Thursday, July 23, 2015

Pints: Tasting the British-ish ESB

The time has come to finally taste the kind of British ESB I made  Well, that's a lie, I tasted it several times prior to this.  But now, it is finally worth mentioning.  Not to say it is amazing, but I would happily drink it now and would be comfortable serving it to other people.  I kegged it ten days after brew day.  It wasn't terrible by any stretch, but it had a slightly buttery or butterscotch flavor and it had an almost salty taste.  That has since gone away.  I suck at describing beer, but here goes.
The head is probably the most disappointing thing about it.  It falls away quickly and leaves little lacing.  Not really a big deal though.  The color turned out about right as far as I'm concerned as well.  It will slowly clear up in the keg.  As for aroma, it has a slightly malty smell with obvious caramel.  Not much hop smell that I can detect, but maybe something faintly herbal or floral.  The flavor is pretty good I think, fairly light and refreshing, with some residual sweetness.  It tastes a little bit like Newcastle Brown Ale.  The bitterness is softer than I thought it would be, and the hops contribution leans more towards a light floral or herbal flavor (maybe some lavender?).  There is a bit of tartness from the carbonation that lingers on the tongue.  You can taste a bit of caramel and maybe a bready note as well. 

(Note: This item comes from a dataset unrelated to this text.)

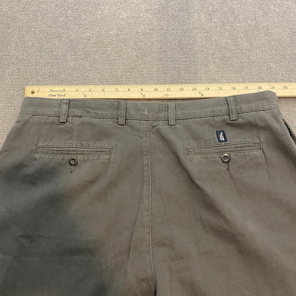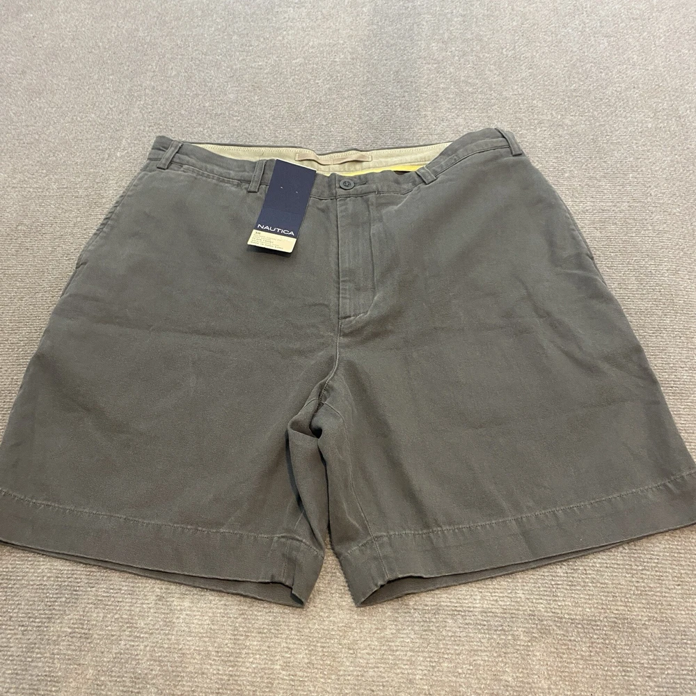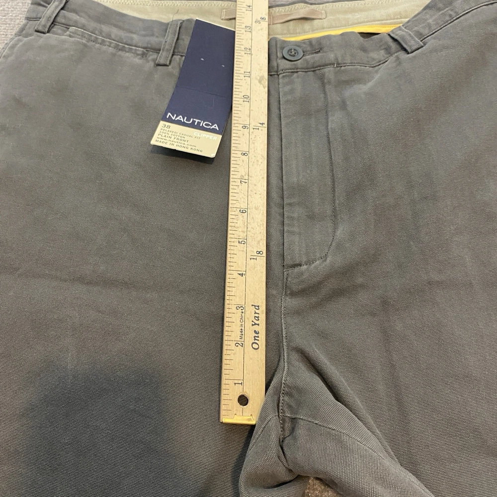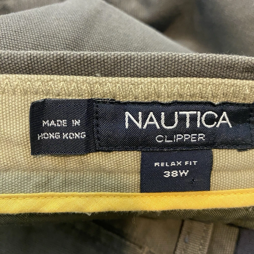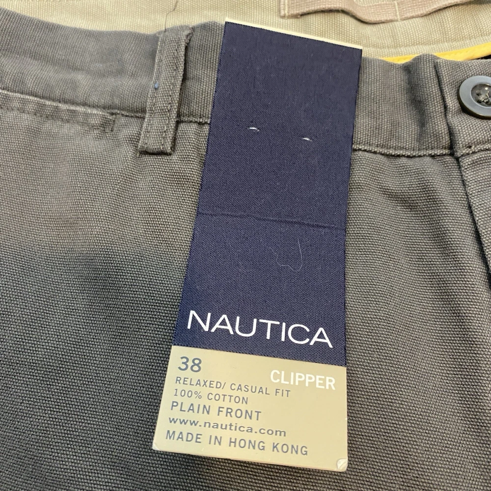 Size: 38 Season: Fall, Spring, Summer Pattern: Solid Country/Region of Manufacture: Hong Kong Garment Care: Machine Washable Fabric Type: Knit Vintage: No Department: Men Front Type: Flat Front Theme: Classic Features: Pockets, Stretch Style: Chino Rise: High (Greater than 12 in) Personalize: No Color: Brown Material: Cotton Occasion: Casual Brand: Nautica Accents: Logo Waist Size: 38 in Inseam: 8 in Handmade: No Size Type: Regular Fit: Relaxed UPC: Does not apply Pocket Type: Slash Pocket Closure: Zip gtin13: Does not apply

Overall, I think its good enough to try brewing again, though not exactly the same way though.  I will probably use less Burton salts next time and maybe add an extra ounce of EKG or maybe fuggles hops.  I think the malt bill was pretty good, though I may try using a darker crystal malt next time.

On a side note...I was at the Flying Saucer Draught Emporium in Nashville early this week.  They had Stone Farking Wheaton w00tstout on tap, so I got to try the genuine article to compare it to the kit I made.  Didn't take detailed notes, but it was very tasty.